Загудела, заворчала грозовой тучей вольница доминошников. Нахмурились усатые лыцари; из-под бровей колючки недобрые — скуси патрон! пли! Съежился, злыдень? усох?! пнем трухлявым решил прикинуться, чтоб пронесло?! Ох, пронесет, так пронесет, что месяц с очка не слезешь! Уж и слово кто-то бросил: “Хлопцы, забьем козла?” Непонятно бросил, двусмысленно. Поднялся из-за стола, оправив седой чуб, полковник Перебыйнос. Цыгарку недокуренную в кулаке скомкал.
Харкнул под ноги:
— Пошто шутейку в слезы вогнал, змий подколодный? Пошто честных баб на людях срамишь, окаянец? Заткнул бы пельку, опудало брехливое, не позорил двора. Не то, гляди, осерчаем...
И кашлянул басом, со значением. Детвора тут как тут:
— Дядя клоун, не плачь!
— Дядя клоун, он дурной! Он на всех ругается!
— Берлович — дуракович! Берляк — дурак! Берляк...
— ...получит в пятак!
— Не плакай, клован. На кафетку. Вку-у-усная!..
А похмельный баобаб, завязав с вопросами интеллигенции, шагнул к рупору нравственности. Будто по ниточке шел, родимый. Будто младой поручик на плацу. Взял за впалые грудки, с явственным скрипом вознес в эмпиреи. Дыхнул перегаром:
— Шо, бляха-муха? На убогого вякать, да? Ты на меня вякни, мухомор! Расплодилось вас, бактериев...
Разжал пальцы и, мрачно следя за бегством Берловича, велел:
— Ты, убогий, меня жди. Не уходи никуда. Я пива притараню...
Кативший мимо тележку с фруктами лоточник Реваз остановился, утер шуту слезы передником и извлек три тяжелые грозди: “кардинал”, “кишмиш” и “дамские пальчики”.

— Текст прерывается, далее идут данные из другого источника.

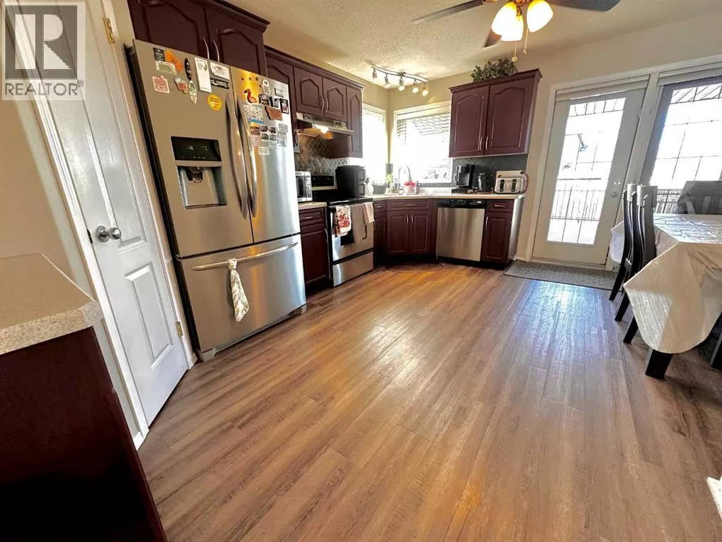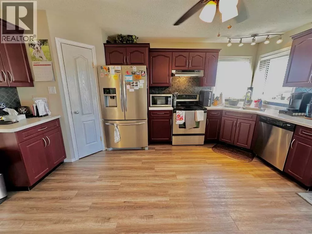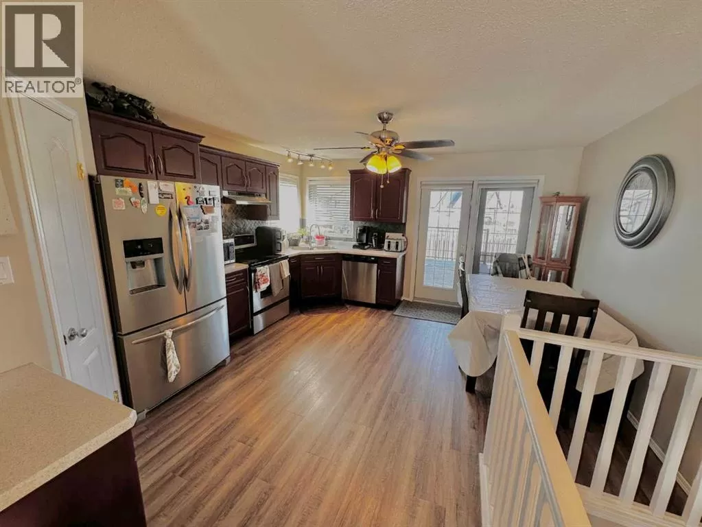 This spacious family home is situated in a quiet cul-de-sac on a large pie shaped lot. Nestled in a peaceful and desirable neighborhood, is this stunning 4-bedroom, 3-up-1-down home with a double attached garage and beautiful 2 tiered deck in back yard. The spacious open-concept main level offers a bright and open living room, dining area, and sunny kitchen with walk-in pantry. The living room offers a cozy ambiance with a wood burning fireplace, creating the perfect space for gatherings. With 3 bedrooms on the main level, this home is the ideal family home. The primary bedroom is complete with a 3pc. ensuite creating a relaxing retreat. The fully finished basement provides you with a large family room, games/rec room, additional bedroom, good sized office/den, & 3pc. bathroom. The covered deck off the dining room accommodates all weather entertaining. Rounding off this property is a fully fenced yard & central air-conditioning! (id:27476)

— Кюшай, дарагой, да? Витамин-шмитамин, да? Сам ешь, гурия корми, детишка корми! Палахой чилавэк слушай нэ нада, дядя Реваз слушай нада! Реваз слушай, “дамский пальчик” кушай! Вай, сладкий, вай, полезный! А станет палахой чилавэк собака гавкать — скажи дядя Реваз, да? Зарэжу, клянусь мама! Требуха наружу, сэрдце на шашлык!
Золотозубая улыбка лоточника говорила: шутка — ложь, да в ней намек! Разумеется, все прекрасно знали, что общий знакомец и любимец Реваз никого резать не будет. Ну, дом поджечь, любимого пса освежевать, в “витамин-шмитамин” цианистого калию впрыснуть — это еще куда ни шло, а резать зачем? Сказать двоюродному брату Шамилю, сыну тети Мириам, он и так застрелит кого укажут...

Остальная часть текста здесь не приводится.